American Olympic skier went sleeveless on the slopes as temperatures hit the 60s in Sochi, Russia. The Canadian women's hockey team was even spotted outside warming up in the sunshine, some of them in shorts. One Olympian is in trouble for taking off too many clothes, not in Sochi, but during a photo shoot that took place years ago, footage of which just conveniently surfaced online during the Olympics.
Behind the scenes, video of Lebanese skier, Jackie Chamoun was taken on the slopes of a famous Lebanon ski resort almost three years ago for an Austrian ski calendar. Now she's the subject, believe it or not, of an investigation by Lebanon's Olympic Committee in order to avoid, quote, "harming Lebanon's reputation," unquote.
Many of her fellow countrymen and women are baring all now on social media to show that they have her back and frankly, her front as well. Nick Paton Walsh is in Sochi. He has that report -- Nick.
NICK PATON WALSH, CNN SENIOR INTERNATIONAL CORRESPONDENT (voice- over): Days ago, Lebanese Jackie Chamoun was just another skier and then these pictures shout three years ago for a skiing calendar when she was just 19 surfaced online with a more revealing video of the making of that calendar. Lebanon's conservatives erupted in outrage, the minister for sports even demanding an investigation. Chamoun was under the wrong spotlight, but in her first interview, she's defiant.
(on camera): Do you now wish you never went to the mountains for that photo shoot? You still would have done it?
UNIDENTIFIED FEMALE: I mean, I wish the making of it would go out, but I don't regret doing the calendar.
WALSH (voice-over): And to Lebanon's minister for sports who was offended, what does she say?
UNIDENTIFIED FEMALE: I cannot say anything about political leaders.
PATON (on camera): Why not? He said lots of things about you.
UNIDENTIFIED FEMALE: He can say whatever he wants, but I don't like to criticize anyone, anyway.
WALSH (voice-over): Conservative outrage was fought with liberal outrage many asking why this brief nudity mattered at all in a country where bombs and sectarian violence infect lives daily. Hundreds of Lebanese women and men began posting pictures of themselves naked with the hashtag #stripforjackie in solidarity. Chamoun is grateful.
JACKIE SHAMOUN, LEBANESE OLMYPIC SKIER: I would tell them to be free and not to strip completely naked. I saw this movement and pages were created for me. Lebanese are just doing funny pictures. This is so amusing and funny that I think that it has to stop. It has to stop.
WALSH: What would she say to the conservatives who criticize her?
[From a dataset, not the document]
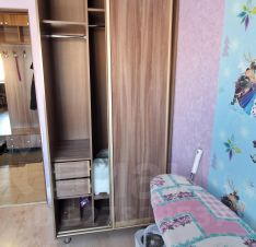В квартире имеется вся необходимая техника: чайник, микроволновая печь, встроенная плита с духовым шкафом, стиральная машинка, холодильник с морозилкой, роутер wi-fi. Квартира частично мебелирована. В зале стоит большой диван с зонами хранения. В спальне - большая кровать (к кровати прилагается 2 новых комплекта постельного белья, т.к. размеры матраса нестандартные), также в спальне есть большой шкаф-купе с зеркальными дверьми во всю стену и встроенный стол, вдоль стены с окном, который можно использовать для работы или учебы. В кухне есть стол и четыре стула. В коридоре-прихожей есть небольшая встроенная зона хранения в углу, а также большой открытый гардероб для верхней одежды с закрывающимися ящиками вверху и внизу. Ванная комната оборудована душевой кабиной, есть раковина с тумбой и навесным шкафчиком. Самая маленькая комната использовалась как хозяйственная под сушку белья, глажку и хранение бытовых предметов по уборке, в ней также имеется небольшой шкаф купе для хранения вещей. Также в квартире есть кондиционер.

SHAMOUN: I'd like to apologize to them.
WALSH (on camera): Why would you apologize?
SHAMOUN: I don't think also I did anything wrong by doing the calendar. I don't want to affect them.
WALSH: Shouldn't they come to the modern time rather than you go back to the past?
SHAMOUN: Yes, I believe they should but it's going to take time.
WALSH: In many ways, I think a young woman only 22 there now exhausted by the attention of the past few days, bewildered by the focus she's received from conservatives in Lebanon and wanting to get on with the skiing -- Jake.
TAPPER: Nick Paton Walsh in Sochi, thank you so much. That's it for THE LEAD. I'm Jake Tapper. I now turn you over to Wolf Blitzer in THE SITUATION ROOM.